(Records excerpted from a collection)
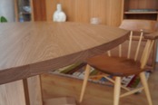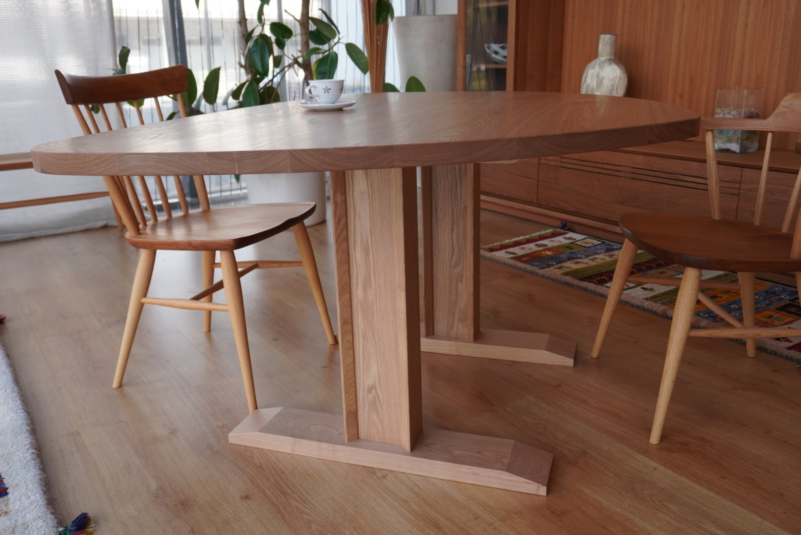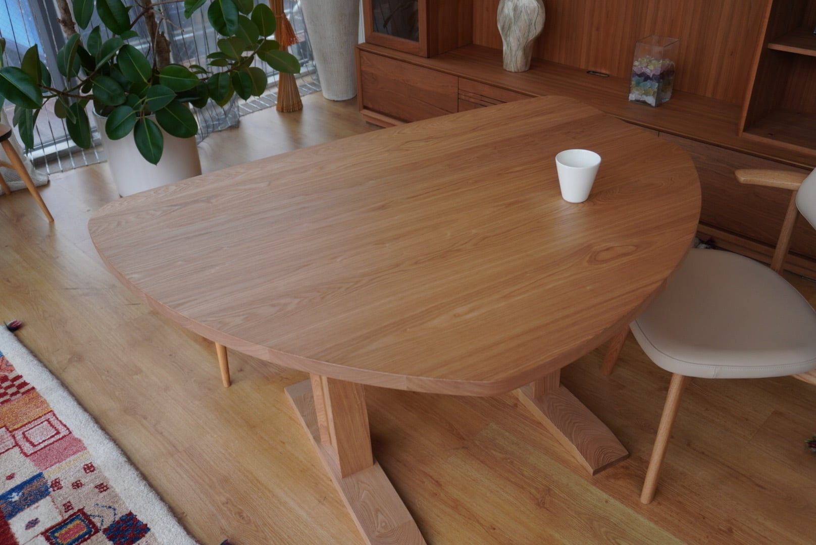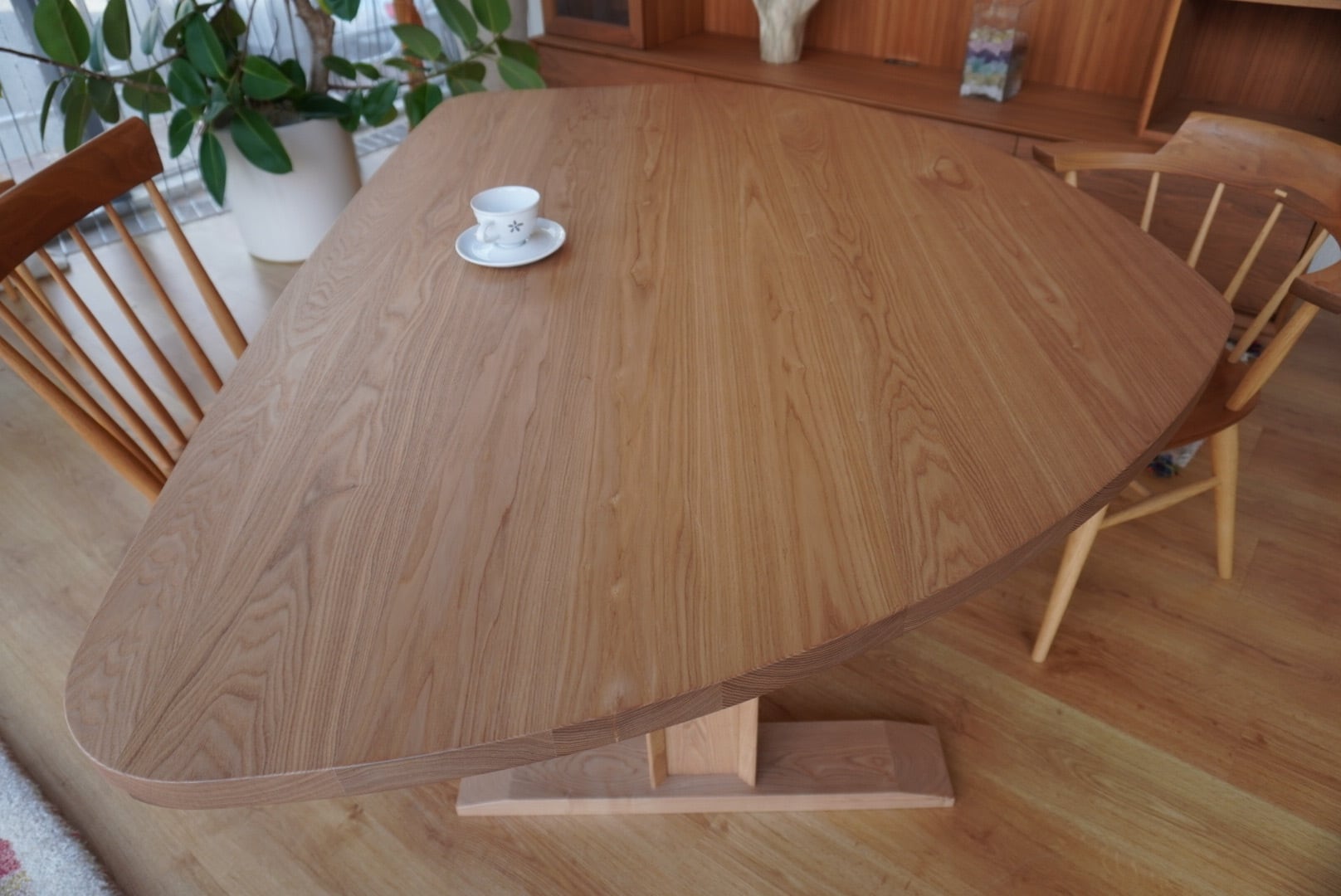 これだけ綺麗な曲線を描いたテーブルを【無垢材】で製作しますのは、とてもハードルが高いです。
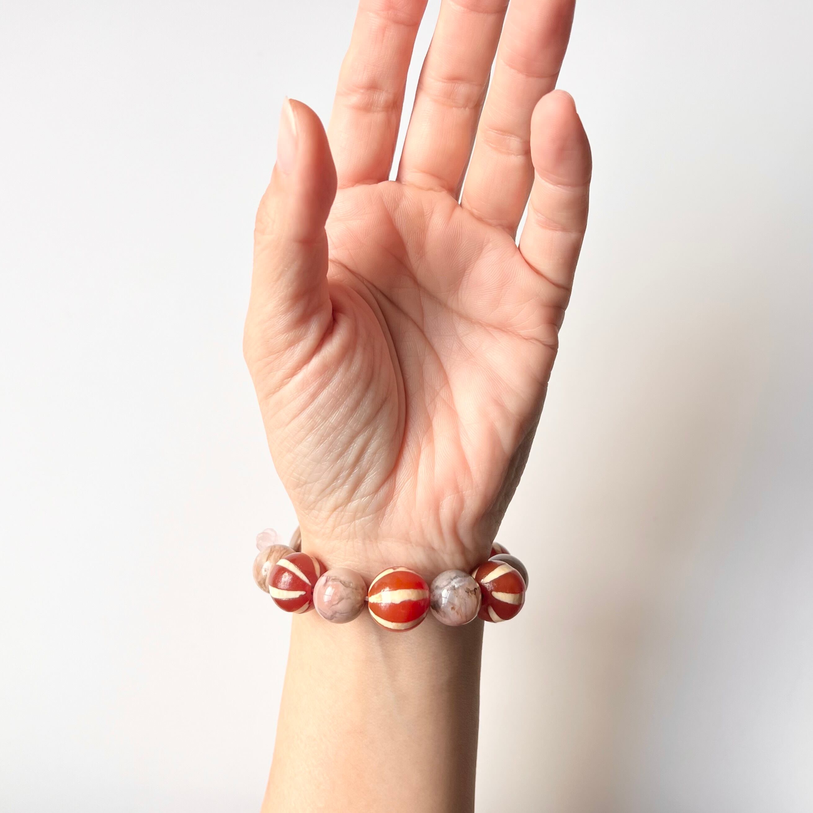 アラシャン瑪瑙 メリーゴーランド 南瓜珠線珠 天然石 ブレスレット
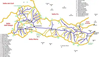 - la vallée de la Varaita de Bellino au sud est orientée nord-est-sud-ouest et mène à la brèche de l'Autaret (de l'autre côté, en France, se trouve la vallée de l'Ubaye).
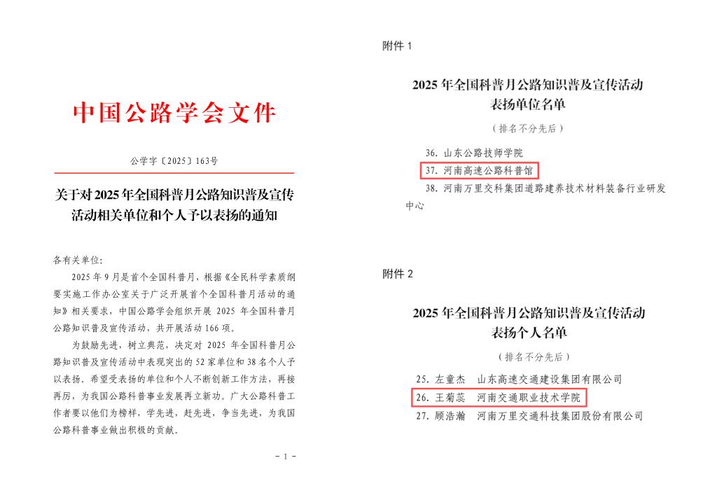 11月28日,中国公路学会对2025年全国科普月公路知识普及宣传活动中表现突出的52家单位和38名个人予以通报表扬。学校河南高速公路科普馆成为我省获表扬的两个场馆之一,公路学院教师王菊蕊同时受到个人表扬。这是我省科普阵地建设的又一优秀典范。
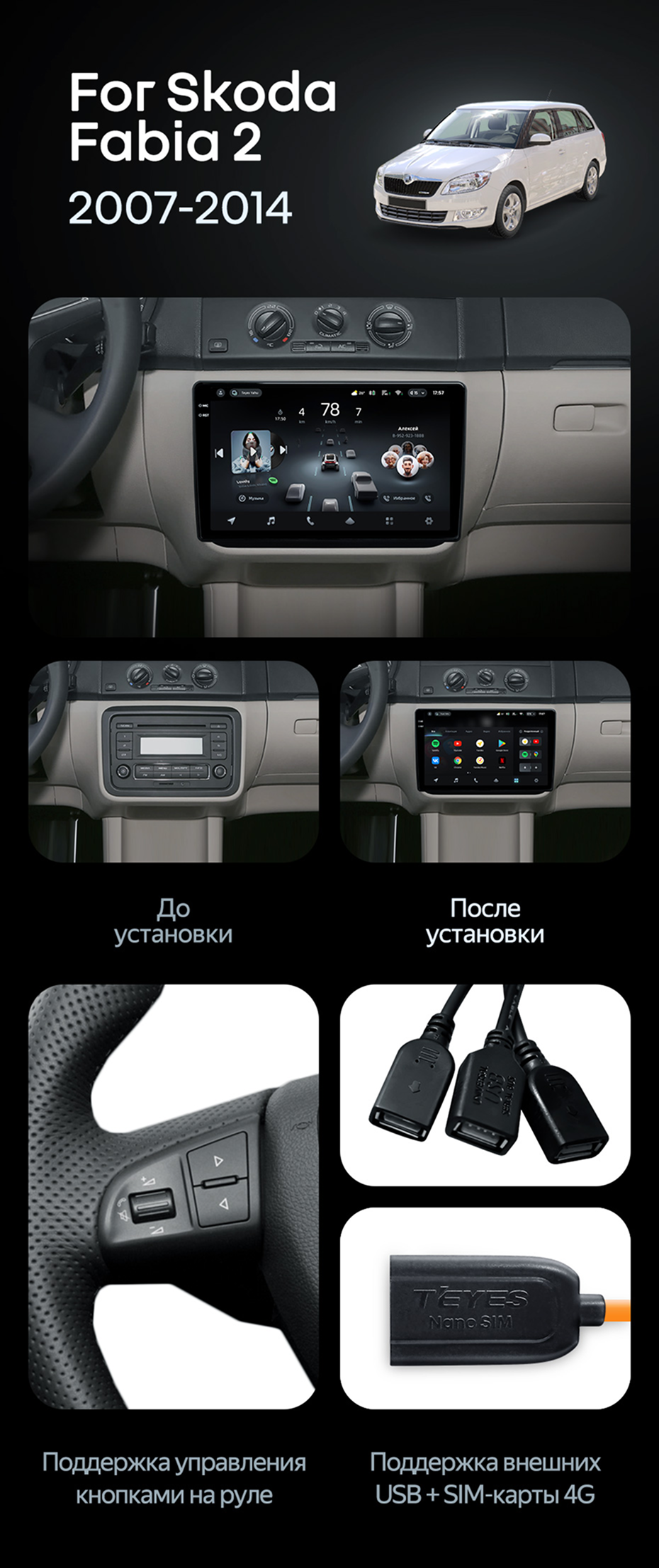 Штатная магнитола Teyes CC4 8/128 Skoda Fabia 2 (2007-2014) - купить всего за 53 000 руб. в интернет-магазине в Астрахани Teyes.com.ru. ✓ Самый лучший выбор мультимедиа ✓ Лучшая замена штатному ГУ ✓ Тел. +7 (800) 775-31-74
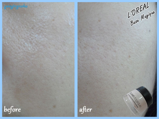 จะเห็นว่า อำพรางรูขุมขนได้บ้างนะคะ แต่ข้อดีคือช่วยให้หน้าไม่มันค่ะ

The problem — Would you restate the records above word for word and exclude the pictures?

Reply —
 これだけ綺麗な曲線を描いたテーブルを【無垢材】で製作しますのは、とてもハードルが高いです。
 アラシャン瑪瑙 メリーゴーランド 南瓜珠線珠 天然石 ブレスレット
 - la vallée de la Varaita de Bellino au sud est orientée nord-est-sud-ouest et mène à la brèche de l'Autaret (de l'autre côté, en France, se trouve la vallée de l'Ubaye).
 11月28日,中国公路学会对2025年全国科普月公路知识普及宣传活动中表现突出的52家单位和38名个人予以通报表扬。学校河南高速公路科普馆成为我省获表扬的两个场馆之一,公路学院教师王菊蕊同时受到个人表扬。这是我省科普阵地建设的又一优秀典范。
 Штатная магнитола Teyes CC4 8/128 Skoda Fabia 2 (2007-2014) - купить всего за 53 000 руб. в интернет-магазине в Астрахани Teyes.com.ru. ✓ Самый лучший выбор мультимедиа ✓ Лучшая замена штатному ГУ ✓ Тел. +7 (800) 775-31-74
 จะเห็นว่า อำพรางรูขุมขนได้บ้างนะคะ แต่ข้อดีคือช่วยให้หน้าไม่มันค่ะ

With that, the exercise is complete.